* **What to produce**: Your copy should contain exactly the lines from the start of the listing through the line that holds "Внешний край каркаса", and no pictures.

* **The input**:
<<<<

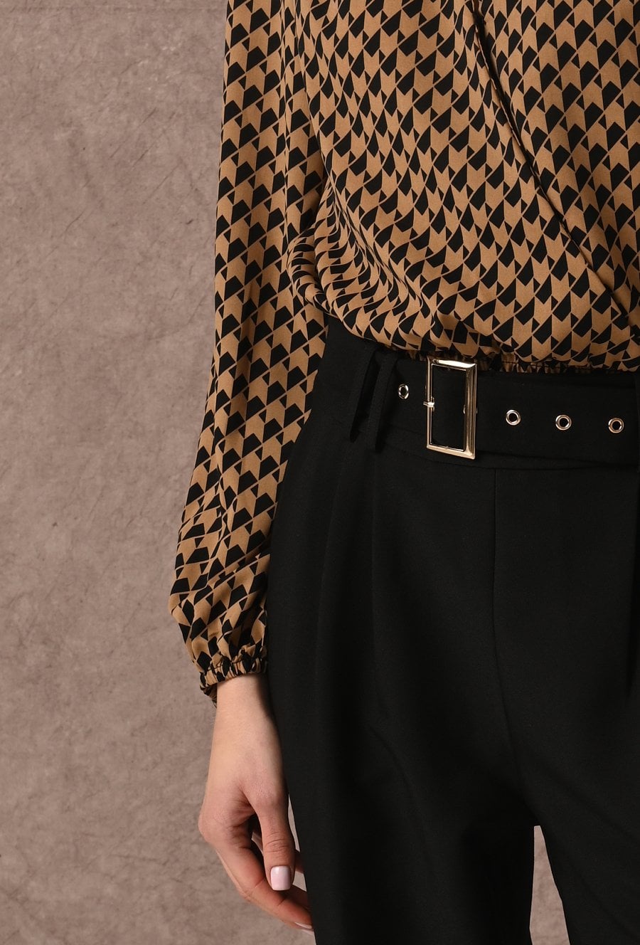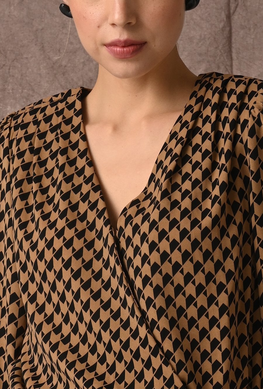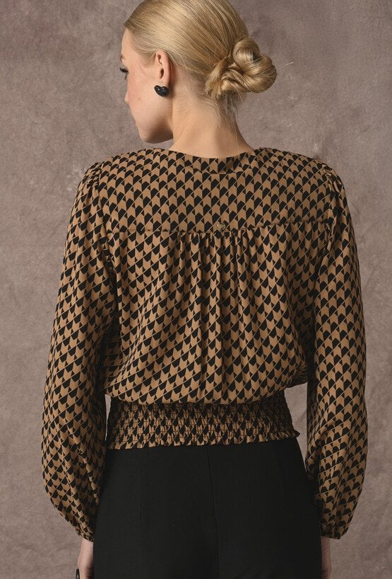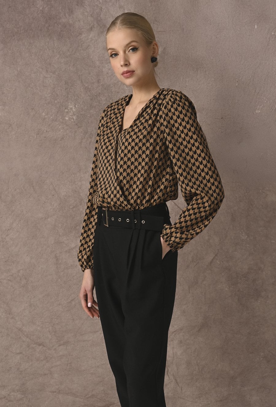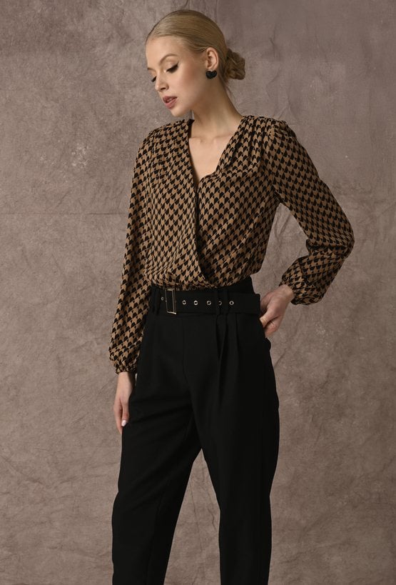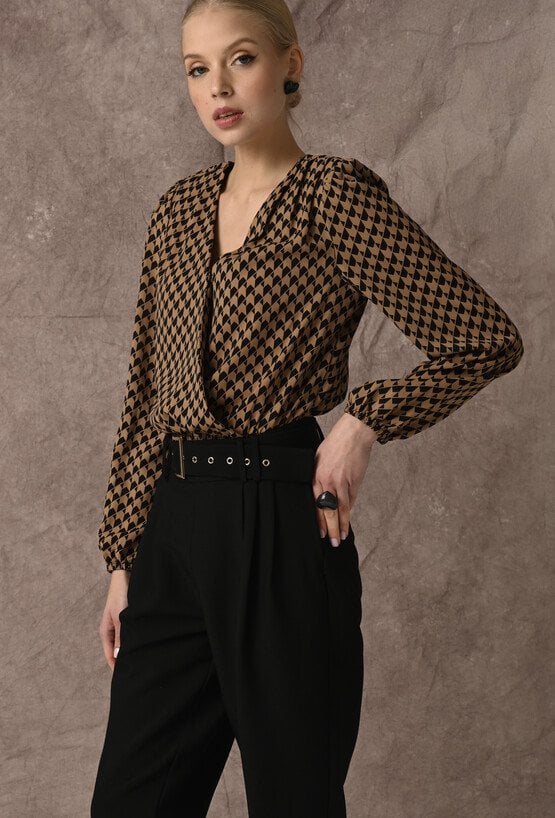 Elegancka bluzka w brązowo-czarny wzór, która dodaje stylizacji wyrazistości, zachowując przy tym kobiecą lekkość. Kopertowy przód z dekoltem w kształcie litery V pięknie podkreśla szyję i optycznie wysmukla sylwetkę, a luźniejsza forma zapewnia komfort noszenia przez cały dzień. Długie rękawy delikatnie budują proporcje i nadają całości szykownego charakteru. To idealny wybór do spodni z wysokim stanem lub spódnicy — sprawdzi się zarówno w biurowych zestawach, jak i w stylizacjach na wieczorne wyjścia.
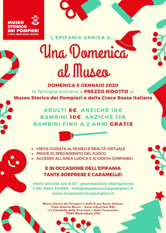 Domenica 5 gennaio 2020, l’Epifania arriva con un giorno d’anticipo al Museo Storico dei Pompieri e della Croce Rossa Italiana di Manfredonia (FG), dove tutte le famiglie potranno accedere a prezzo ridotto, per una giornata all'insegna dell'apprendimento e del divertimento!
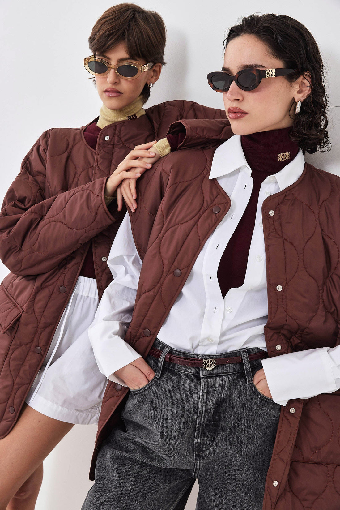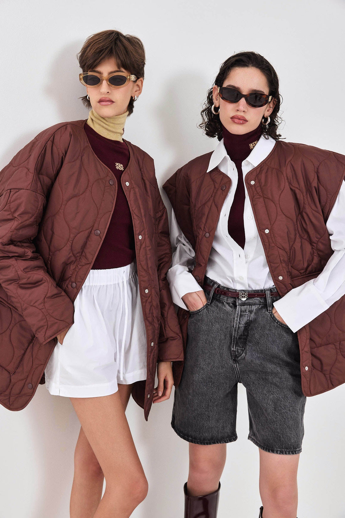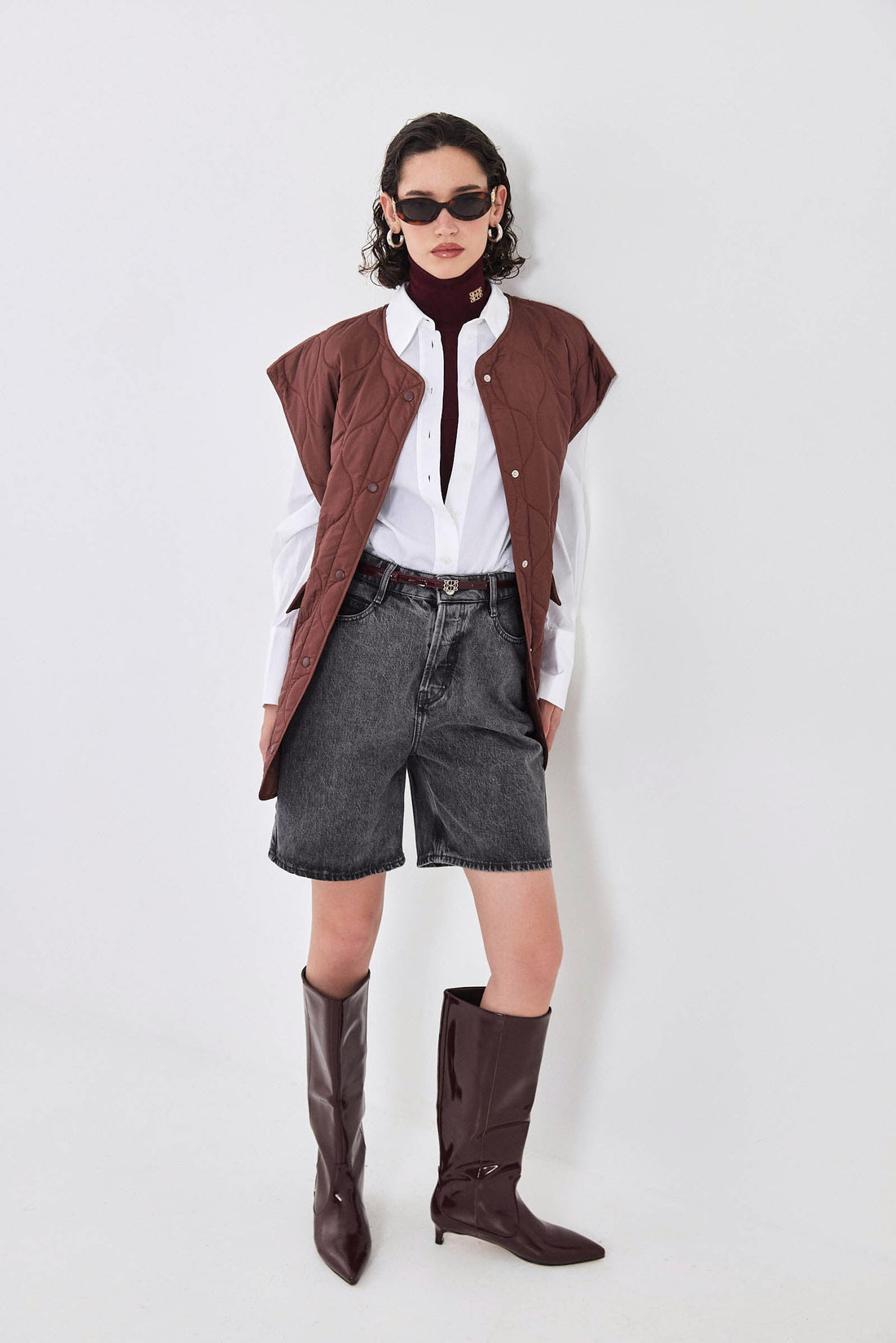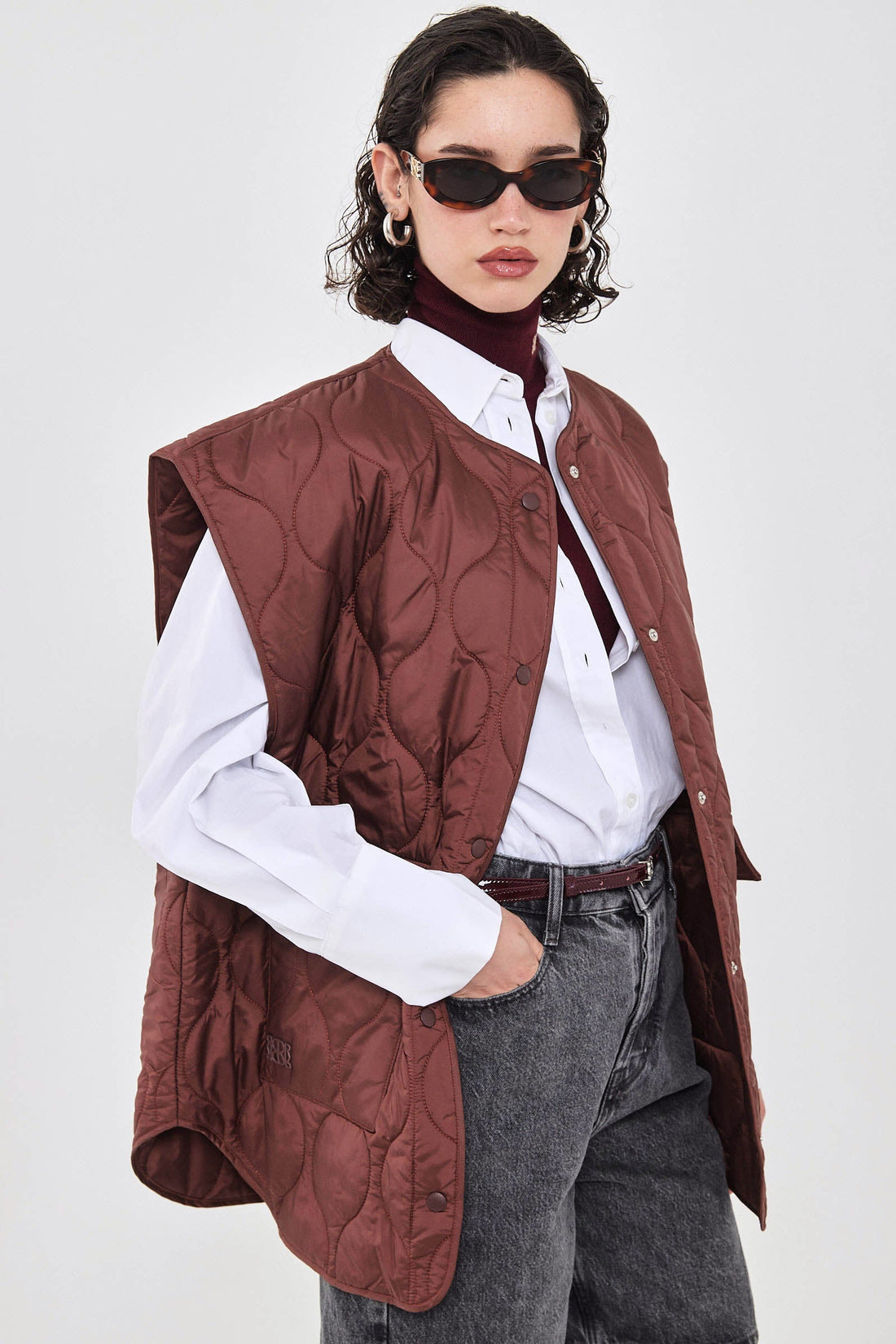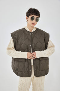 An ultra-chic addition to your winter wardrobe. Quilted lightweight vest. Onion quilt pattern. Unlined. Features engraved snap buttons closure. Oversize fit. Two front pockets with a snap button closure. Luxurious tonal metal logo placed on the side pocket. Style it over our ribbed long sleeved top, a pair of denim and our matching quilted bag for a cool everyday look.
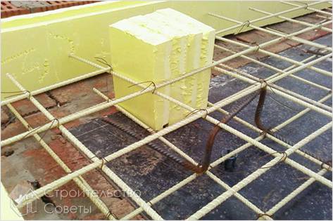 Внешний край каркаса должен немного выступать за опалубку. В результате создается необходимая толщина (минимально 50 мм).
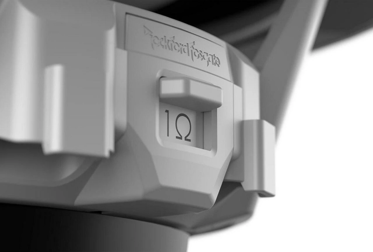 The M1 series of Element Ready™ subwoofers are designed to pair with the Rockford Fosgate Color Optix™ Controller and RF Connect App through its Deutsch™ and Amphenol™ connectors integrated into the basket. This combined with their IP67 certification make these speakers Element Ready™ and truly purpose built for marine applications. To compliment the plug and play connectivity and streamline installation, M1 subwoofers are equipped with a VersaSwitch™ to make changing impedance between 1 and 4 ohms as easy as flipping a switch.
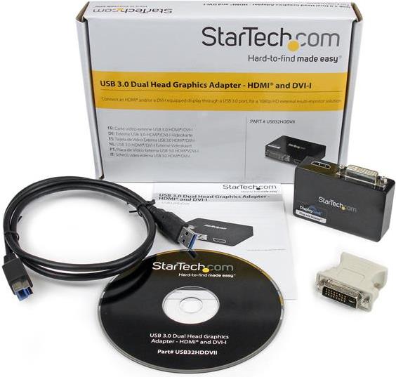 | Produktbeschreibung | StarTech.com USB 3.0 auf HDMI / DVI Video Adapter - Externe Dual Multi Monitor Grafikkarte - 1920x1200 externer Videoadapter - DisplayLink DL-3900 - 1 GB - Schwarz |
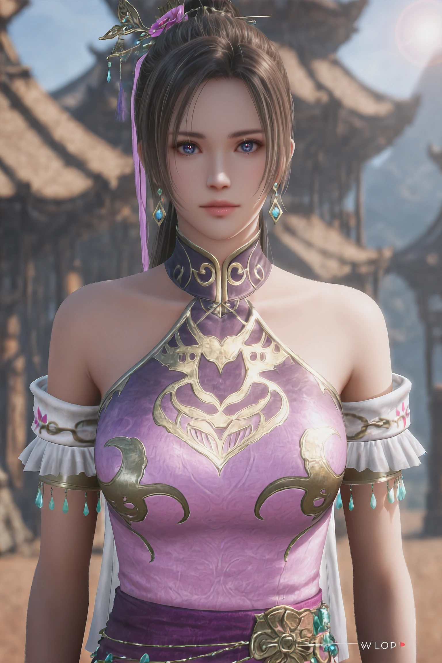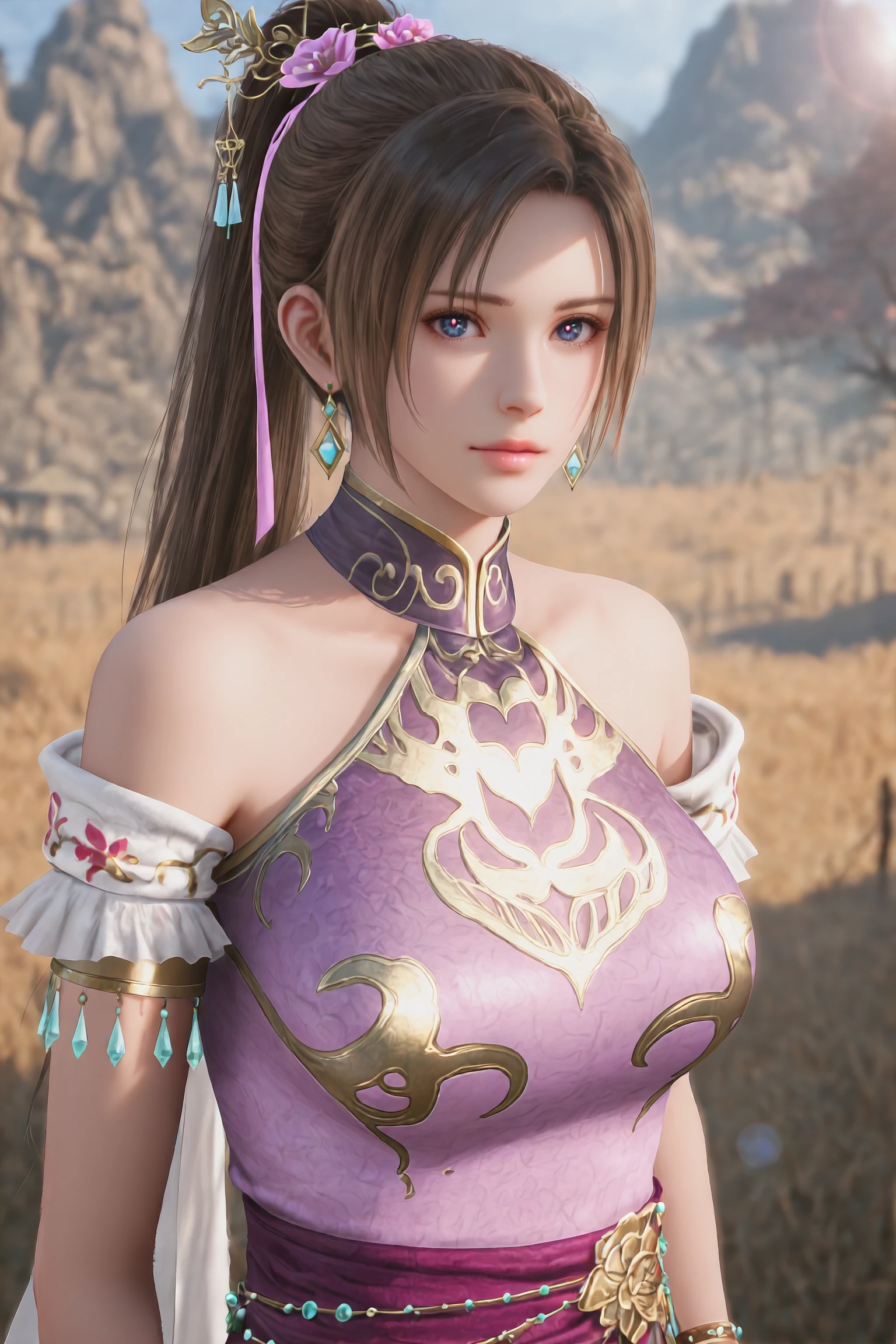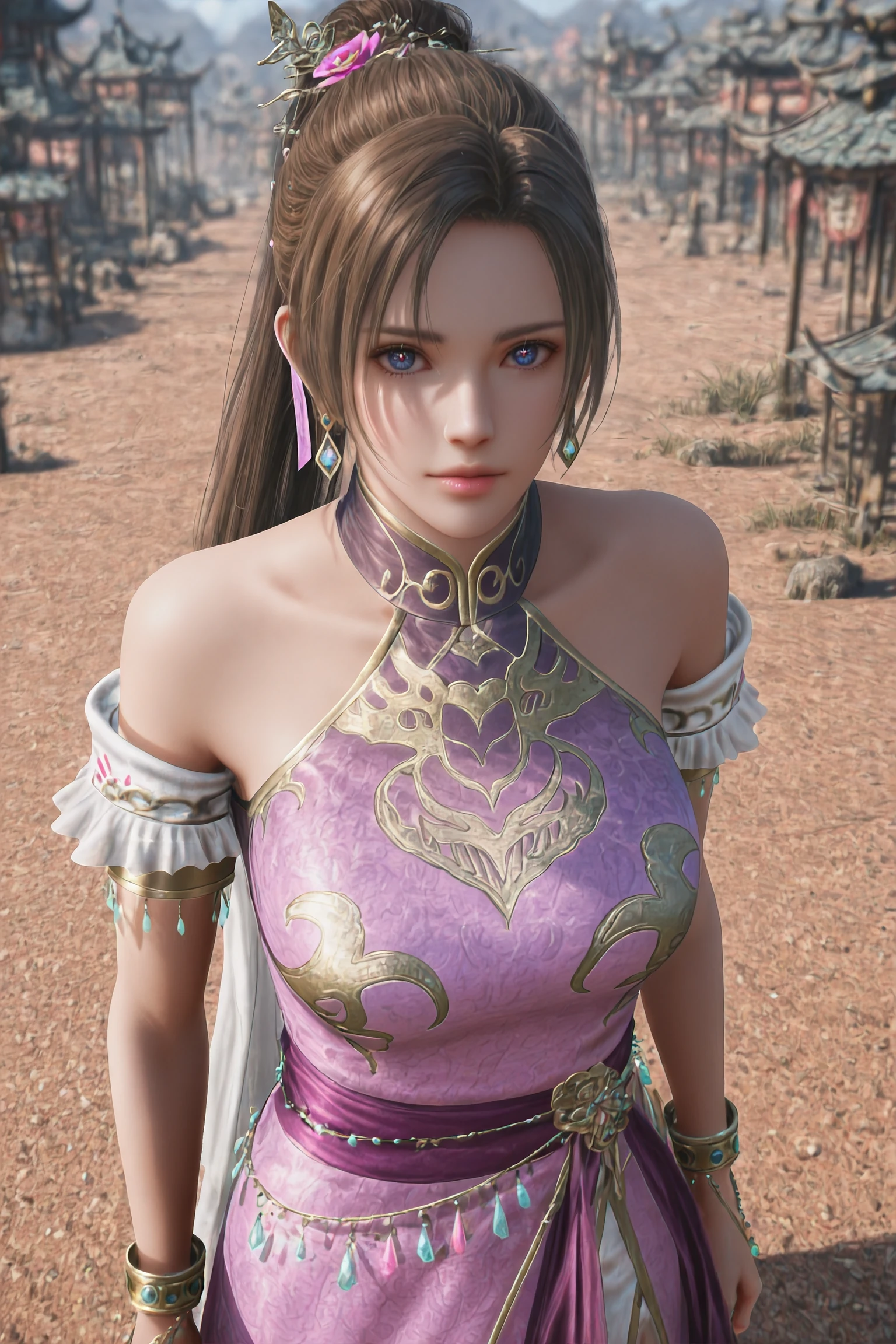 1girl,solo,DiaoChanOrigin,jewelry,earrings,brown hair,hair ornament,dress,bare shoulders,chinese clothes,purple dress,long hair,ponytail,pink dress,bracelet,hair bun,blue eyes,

>>>>

* **Output for this task**:
 Elegancka bluzka w brązowo-czarny wzór, która dodaje stylizacji wyrazistości, zachowując przy tym kobiecą lekkość. Kopertowy przód z dekoltem w kształcie litery V pięknie podkreśla szyję i optycznie wysmukla sylwetkę, a luźniejsza forma zapewnia komfort noszenia przez cały dzień. Długie rękawy delikatnie budują proporcje i nadają całości szykownego charakteru. To idealny wybór do spodni z wysokim stanem lub spódnicy — sprawdzi się zarówno w biurowych zestawach, jak i w stylizacjach na wieczorne wyjścia.
 Domenica 5 gennaio 2020, l’Epifania arriva con un giorno d’anticipo al Museo Storico dei Pompieri e della Croce Rossa Italiana di Manfredonia (FG), dove tutte le famiglie potranno accedere a prezzo ridotto, per una giornata all'insegna dell'apprendimento e del divertimento!
 An ultra-chic addition to your winter wardrobe. Quilted lightweight vest. Onion quilt pattern. Unlined. Features engraved snap buttons closure. Oversize fit. Two front pockets with a snap button closure. Luxurious tonal metal logo placed on the side pocket. Style it over our ribbed long sleeved top, a pair of denim and our matching quilted bag for a cool everyday look.
 Внешний край каркаса должен немного выступать за опалубку. В результате создается необходимая толщина (минимально 50 мм).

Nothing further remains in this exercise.